I mention these as company.  Other poets come to mind, for speech or theme or both: Joel Oppenheimer; the lusty queer poems one can find in Thomas Meyer’s work; CAConrad’s possessed detonations; Jeffery Beam’s electric pan-amative “mustard seeds” (as Meyer’s called them); Spicer, whose Blaser-edited Collected Books echoes in the Presences title.  Others.  James Broughton.  Gerritt Lansing.  


**


This all to say: read the Work.  Sharpless should be read--Catullus’ corpus is not much larger, Sappho’s smaller though a superior melodist‡--, studied, delighted in.  The world is filled with read unreadable dross; Sharpless is a poet who never managed to write anything but exquisite charms: besasa out of Kirke's isle.


*


Two poems to leave off on: from The Fall of the X Dynasty, and the closing lines of the second poem in Working Stiffs (called “Graveyard Shift”):



The Recluse



What have I besides poetry?
Bed, table, lamp, some books.
A dozen years of scratching
does not relieve the itch.


*


I will look directly
into death’s unmoved,
onmoving grin,


but will I see you
again, or remember
all of your names?




_____________________________
* Creeley: “These intent, elegant verses are instance of an accurate and feeling mind.  We wander so abysmally in a maze of arguments and opinion that I hope we can still hear such compact wit and good will.  Jack Sharpless is a pleasure we had best accommodate while we still can.  His is the world that matters.”  Duncan: “Jack Sharpless restores my faith in the new generation.  He’s by far the best of them all.”

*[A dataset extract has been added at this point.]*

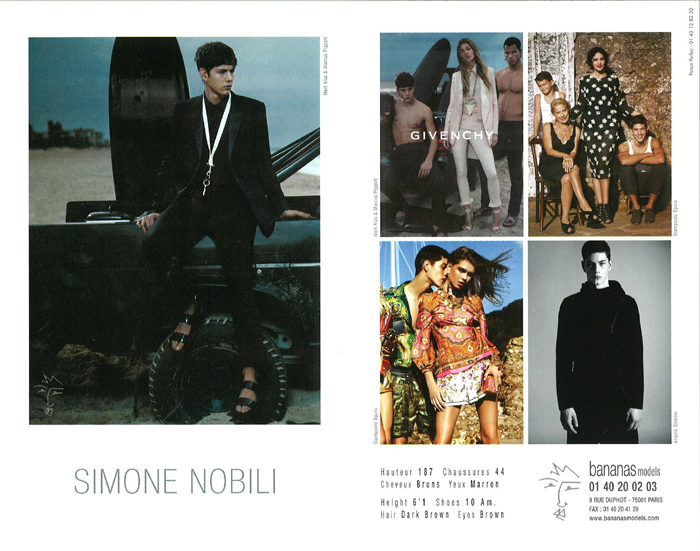 Bananas–Pillars of the runway, legends, it boys, the quirky personality…you name it and Bananas has it. The Paris-based modeling agency is gearing up for Paris Fashion Week spring/summer 2013 and no one stands in their path. On the icon front, they host the arresting personas of both Tony Ward and Andre Van Noord. Step into the arena of those boys you cannot have a runway show without and there is Nicolas Ripoll, Alexander Beck, Jakob Hybholt and Jacob Coupe, among others. Ask yourself what up and comers have buzz right now and Bananas has campaign favorite Simone Nobili and editorial darling Jake Shortall. Then coming up in the ranks, there are impeccable new faces Ysham Jackson, William Jagnow and countless others ready to make a splash.
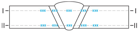 Technology B is the alternative technology recommended by the steel producer. According to the producer’s recommendations, this technology included preheating the prepared plates, up to temperatures of 200 °C, and an application of just one filler material, G89 (ESAB, North Bethesda, MD, USA). The recommendations regarding heat input are the same as in the first case, between 8 and 12 kJ/cm. The chemical composition, mechanical properties, and recommended welding parameters of the filler material used were previously displayed. Before welding was initiated, the plates were joined through several small tack welds, the same as displayed in the figure. After tack welds were deployed, preheating of the plates intended for technology B began. Preheating was completed using a liquid petroleum gas (LPG) torch. The selected preheating temperature was 175 °C, and it measured 100 mm from the position of the welded joint. The interpass temperature was also 175 °C. The scheme of deployed welds is displayed in Figure 6, and the parameters used are displayed in Table 12.

** A few titles as a hint to the keen minds in the cave (to be found here: http://www.the-song-cave.com/): Alfred Starr Hamilton’s A Dark Dreambox of Another Kind; Thomas Meyer’s Essay Stanzas; Nate Klug’s Rude Woods; Fanny Howe’s The Lamb.  I don’t think there’s a miss in the whole catalogue thus far.  Gems.  

*** Some of these poems were first published in the Chicago Review (Vol.45, No.1, 1999).

**** To listen to some of them, vide: http://www.writing.upenn.edu/pennsound/x/Williams-Jonathan.php.

Can be found in his Selected Poems (Talisman House, 1994), edited by Joseph Torra.  The subtitle of the poem is: being a Primer for the Beginner in the American Idiom.  

And both of those poets--Catullus, Sappho--registered passionate speech in indelible fashion.